Kia Franklin
Happy 100th Birthday, Thurgood Marshall!

Cross-posted from TPMCafe:
As a young African American woman and the first lawyer in my family, I find Justice Thurgood Marshall’s life both professionally and personally inspiring. But today, which would have been Marshall’s 100th birthday, is not just personally significant. It is a day where everyone who is passionate about fairness and equality should pause and reflect on what we must learn from his legacy.
Thurgood Marshall, the first African American U.S. Supreme Court Justice, was a pioneer for legal equality who used the civil court system as a tool for change. Born in 1908 in the segregated South, Marshall experienced all the obstacles and indignities that young people today only see in documentaries and textbooks. But by the time he died in 1993, he had not only witnessed the dismantling of formal legal racism, he had actually played an integral role in achieving it.
As a young lawyer he worked to chip away at Jim Crow, combining sophisticated litigation strategies that earned him respect among colleagues, with a unique wit and humor that warmed even those most staunchly hostile to his anti-racist agenda. At the end of his tenure as a civil rights trial lawyer he had won 29 of his 32 Supreme Court cases. But speaking at his alma mater, Howard Law School, in 1978, he warned graduates against believing that the struggle for social justice would end with a few, or even many, courtroom victories:
"[I]t seems to me that what we need to do today is to refocus. Back in the 30s and 40s we could go no place but to court. We knew then that the court was not the final solution. Many of us knew the final solution would have to be politics. . . . So now we have both -- we have our legal arm and we have our political arm. Let's use them both. And don't listen to this myth that it can be solved by either or that it has already been solved. Take it from me, it has not been solved. You can't stand still. You must move. . . . "
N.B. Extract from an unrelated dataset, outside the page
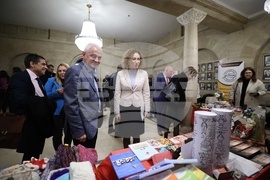 София (13 декември 2023) Коледен базар на каузите организират от Министерството на труда и социалната политика (МТСП). Събитието се провежда във фоайето на министерството откъм. В базара участват 12 неправителствени организации, всяка със своя кауза. Целите са различни: помощ за майки на деца с увреждания, които да могат да работят и да издържат децата си, помощ за хора с увреден слух, които да могат да се реализират и да си намерят работа, помощ за реинтегриране и намаляване на броя на изоставените деца у нас, възможност на хора от уязвими групи да открият и реализират своите таланти и други. На снимката: вицепремиерът и министър на външните работи Мария Габриел (ляво),

Marshall's words could not be truer today. The battleground for achieving social justice through the courts has changed dramatically, in part because many people cannot even get past the courthouse door. My work involves researching and challenging the big business lobby's efforts to create rules that make it more difficult for people to file important legal claims against powerful corporations. The work involves a steep learning curve, a lot of time and effort, and an income nearly as modest as the same ordinary people whose legal rights I'm working to protect.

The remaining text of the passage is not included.